What you write must match, character for character, the lines from the one with "Transform any room" down to the one with "Girl doing meditation" in the listing below, minus its pictures.

*Data for processing:*
»»

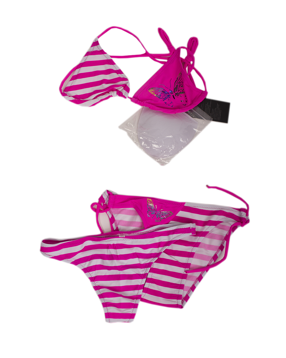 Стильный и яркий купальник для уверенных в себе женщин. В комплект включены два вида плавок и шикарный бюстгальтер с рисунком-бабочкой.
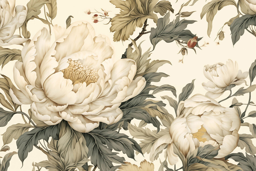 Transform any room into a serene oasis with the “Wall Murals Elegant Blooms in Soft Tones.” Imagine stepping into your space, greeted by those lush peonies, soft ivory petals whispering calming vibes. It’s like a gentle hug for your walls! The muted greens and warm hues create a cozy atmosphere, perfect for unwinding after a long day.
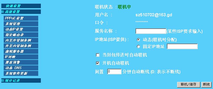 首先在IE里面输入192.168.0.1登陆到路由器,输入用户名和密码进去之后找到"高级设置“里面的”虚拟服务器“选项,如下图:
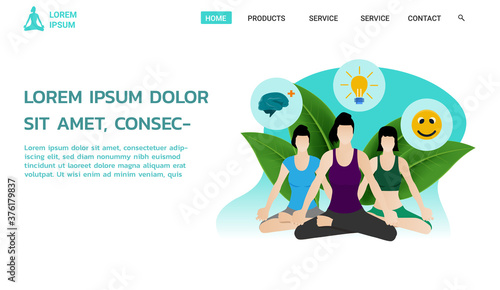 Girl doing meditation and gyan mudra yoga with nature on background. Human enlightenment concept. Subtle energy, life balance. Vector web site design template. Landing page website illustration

««
»»

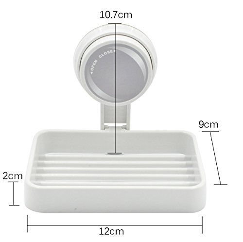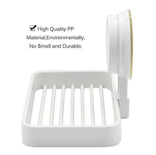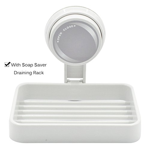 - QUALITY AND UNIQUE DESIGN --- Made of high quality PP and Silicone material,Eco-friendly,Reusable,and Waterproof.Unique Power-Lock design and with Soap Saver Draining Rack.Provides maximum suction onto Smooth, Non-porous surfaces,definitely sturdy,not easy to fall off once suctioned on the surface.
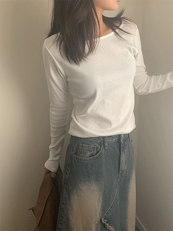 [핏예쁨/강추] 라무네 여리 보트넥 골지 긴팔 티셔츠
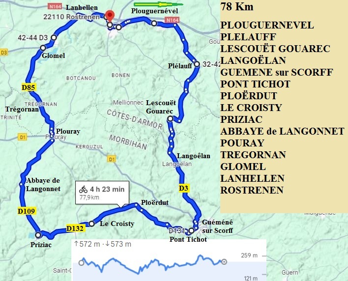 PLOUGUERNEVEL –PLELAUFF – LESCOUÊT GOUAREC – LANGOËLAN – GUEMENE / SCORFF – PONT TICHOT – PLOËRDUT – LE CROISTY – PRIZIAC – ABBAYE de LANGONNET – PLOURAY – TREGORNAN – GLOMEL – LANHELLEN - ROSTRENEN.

««

*Exercise response:*
 Transform any room into a serene oasis with the “Wall Murals Elegant Blooms in Soft Tones.” Imagine stepping into your space, greeted by those lush peonies, soft ivory petals whispering calming vibes. It’s like a gentle hug for your walls! The muted greens and warm hues create a cozy atmosphere, perfect for unwinding after a long day.
 首先在IE里面输入192.168.0.1登陆到路由器,输入用户名和密码进去之后找到"高级设置“里面的”虚拟服务器“选项,如下图:
 Girl doing meditation and gyan mudra yoga with nature on background. Human enlightenment concept. Subtle energy, life balance. Vector web site design template. Landing page website illustration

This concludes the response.